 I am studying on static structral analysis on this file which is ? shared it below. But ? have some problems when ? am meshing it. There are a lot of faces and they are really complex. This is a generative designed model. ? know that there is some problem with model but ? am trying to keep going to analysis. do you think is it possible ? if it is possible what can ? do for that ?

...

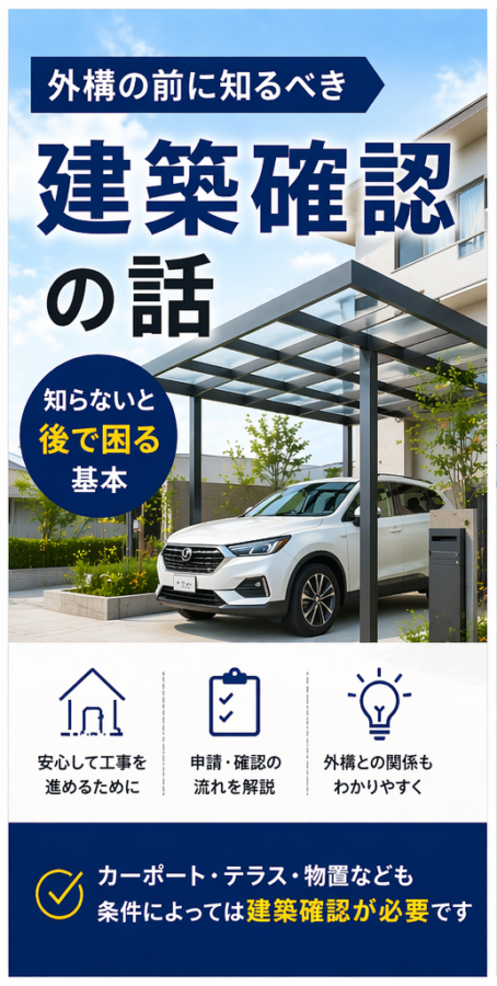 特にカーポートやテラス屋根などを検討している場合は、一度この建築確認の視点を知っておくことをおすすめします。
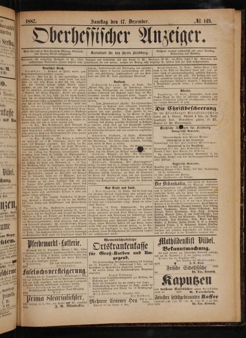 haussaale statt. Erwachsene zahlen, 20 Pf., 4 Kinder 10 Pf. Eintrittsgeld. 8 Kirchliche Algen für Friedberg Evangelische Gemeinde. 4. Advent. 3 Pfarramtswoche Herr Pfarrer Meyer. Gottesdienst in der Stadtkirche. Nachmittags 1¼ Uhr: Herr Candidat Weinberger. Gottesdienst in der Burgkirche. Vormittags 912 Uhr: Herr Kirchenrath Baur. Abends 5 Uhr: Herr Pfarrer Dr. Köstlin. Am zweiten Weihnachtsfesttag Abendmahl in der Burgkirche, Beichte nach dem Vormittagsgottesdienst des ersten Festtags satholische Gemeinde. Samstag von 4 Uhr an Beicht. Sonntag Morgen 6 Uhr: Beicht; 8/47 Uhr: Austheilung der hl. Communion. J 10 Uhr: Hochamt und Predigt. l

--

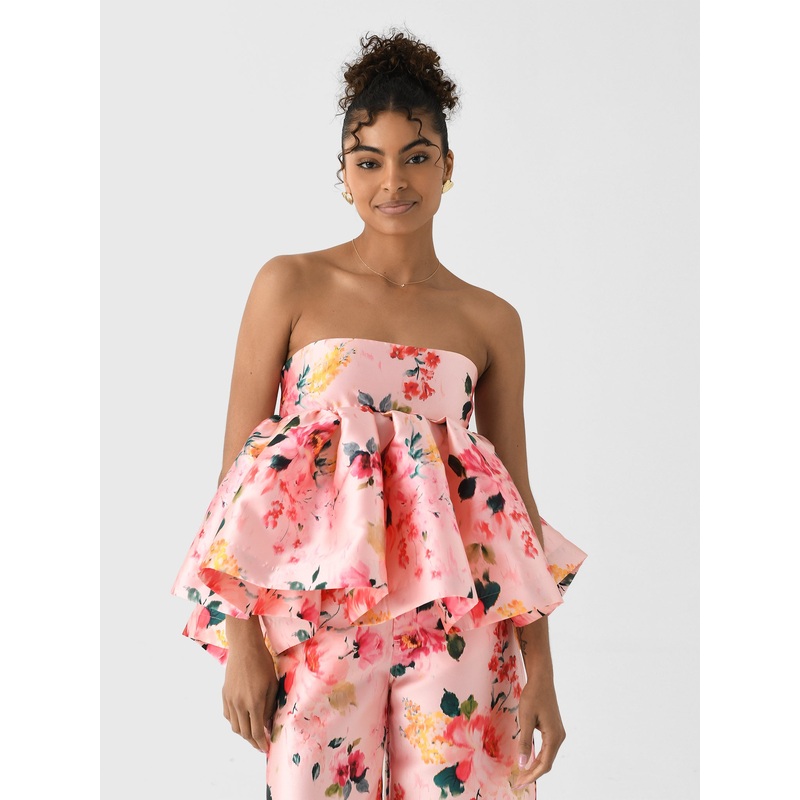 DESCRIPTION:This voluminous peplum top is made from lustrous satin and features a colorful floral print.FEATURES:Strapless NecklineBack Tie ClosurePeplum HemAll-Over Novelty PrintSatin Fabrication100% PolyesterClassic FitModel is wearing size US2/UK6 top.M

• Task:
From the records above, give again only the part that opens with the line containing "特にカーポートやテラス屋根な" and closes with the line containing "haussaale statt. Erwachsene". Keep both ends but drop the pictures.

• Exercise answer:
 特にカーポートやテラス屋根などを検討している場合は、一度この建築確認の視点を知っておくことをおすすめします。
 haussaale statt. Erwachsene zahlen, 20 Pf., 4 Kinder 10 Pf. Eintrittsgeld. 8 Kirchliche Algen für Friedberg Evangelische Gemeinde. 4. Advent. 3 Pfarramtswoche Herr Pfarrer Meyer. Gottesdienst in der Stadtkirche. Nachmittags 1¼ Uhr: Herr Candidat Weinberger. Gottesdienst in der Burgkirche. Vormittags 912 Uhr: Herr Kirchenrath Baur. Abends 5 Uhr: Herr Pfarrer Dr. Köstlin. Am zweiten Weihnachtsfesttag Abendmahl in der Burgkirche, Beichte nach dem Vormittagsgottesdienst des ersten Festtags satholische Gemeinde. Samstag von 4 Uhr an Beicht. Sonntag Morgen 6 Uhr: Beicht; 8/47 Uhr: Austheilung der hl. Communion. J 10 Uhr: Hochamt und Predigt. l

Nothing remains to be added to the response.